Follow-up candidates (the §12 / §13 / §14 parts of
`Documentation/PROPOSALS/LANGUAGE_BOOK.md` that
didn't ship):

- `--format grammar` and `--format phrasebook`
  exports — need rule HJSON schema design (the
  current template is the right shape; the
  exporter doesn't yet parse it).
- `inkhaven language test <name>` headless
  roundtrip drift CLI.
- `inkhaven language translate` headless
  translation CLI.
- `Ctrl+B Shift+R` reverse-lookup picker
  ("find the entry whose translation is `X`").
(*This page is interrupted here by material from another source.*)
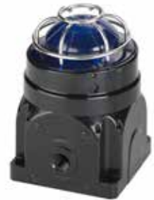
Ex d Surface Mount

- `Ctrl+B Shift+W` word-of-the-day floating
  card in the manuscript editor + phonotactic
  generator in the Language book.
- Card renderers for Dictionary / Grammar /
  Phonology paragraphs viewed inside the Language
  book (the §7 / §10 visualisations from the
  proposal).

The plumbing for all of these is in place; they're
chord / render work, not data-model work.